Christmas is celebrated all over the world every year. And even though there are some common traits in the way people celebrate, the holiday carries the charm of every separate culture and reflects the local traditions and worldview. Read on to find out how people celebrate in different countries.
In Australia celebrations are similar to those in the USA and the UK. Christmas can’t do without the plump Santa Claus in his red suit and his long white beard, the Christmas tree and beautiful decoration, as well as the traditional Christmas songs. People gather and sing Christmas songs at special events (usually to raise funds for the church or charity for children).
The main difference between the Australian Christmas and the celebrations in the USA and the UK is that the holiday is in summer.

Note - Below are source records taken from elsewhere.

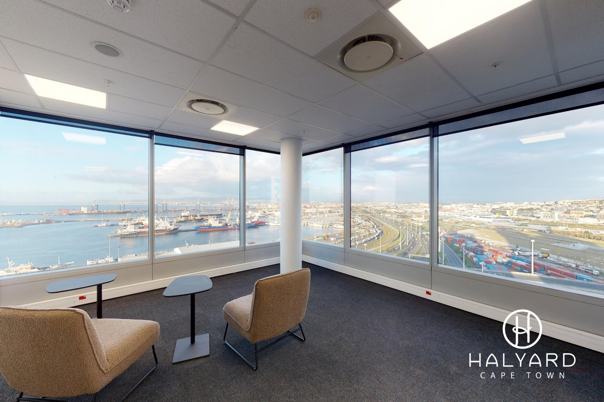 Breakaway/Lounge Spaces – Large windows offering a stunning panoramic view of a harbor and cityscape.Perfect for taking in the scenery.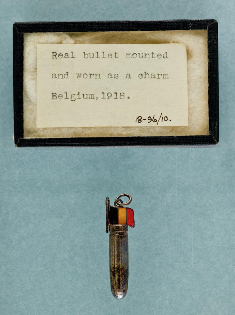 Amulet in a box, with a typed note: 'Shoe Charm carried for safety by a man of the Devonshire Regt. 1917'. Acquired by the Museum in 1918 from Edward Lovett, a folklorist and collector from Croydon.
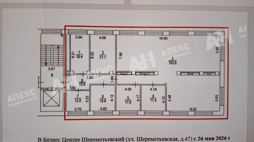 Лот №1083429 В аренду предлагается комфортабельный офис площадью 281,4 квадратных метра, расположенный на пятом этаже бизнес-центра по адресу: Шереметьевская, 47. Помещение предоставляется по выгодным рыночным ставкам.

Australians may sing the usual songs about a white Christmas and snow, but they’re on the beach eating seafood.
Because of India’s strong relationship with the UK, Christmas there is widely celebrated, even though Christians are fewer than 3% of the population. In India Christmas is mostly a secular event known as Bada Din, the Big Day, and it is marked by shopping.
Most Chinese are not Christians Christmas is not an official holiday there. However, some regions like Hong Kong, have strong relations with the Western World, and officially celebrate Christmas. Despite that, Christmas in China is a secular holiday. Western traditions such as gift-giving and sending cards are imitated, mostly out of curiosity and interest in western culture.
Mexico has built Christmas traditions to match its own concept and Roman Catholicism. For nine days groups of neighbours go from house to house to honour Joseph and Mary, who sought shelter for themselves and the unborn baby Jesus. Even though it’s widespread in Mexico, Christmas has preserved its religious meaning and it’s not as secular as in the northern neighbour, the USA.
Japan has a lot of the Christmas spirit as well. It may not be an official holiday, but it has its traditions. In addition to giving gifts and sending cards, the Japanese bake traditional Christmas treats – a white cake covered in cream and decorated with strawberries.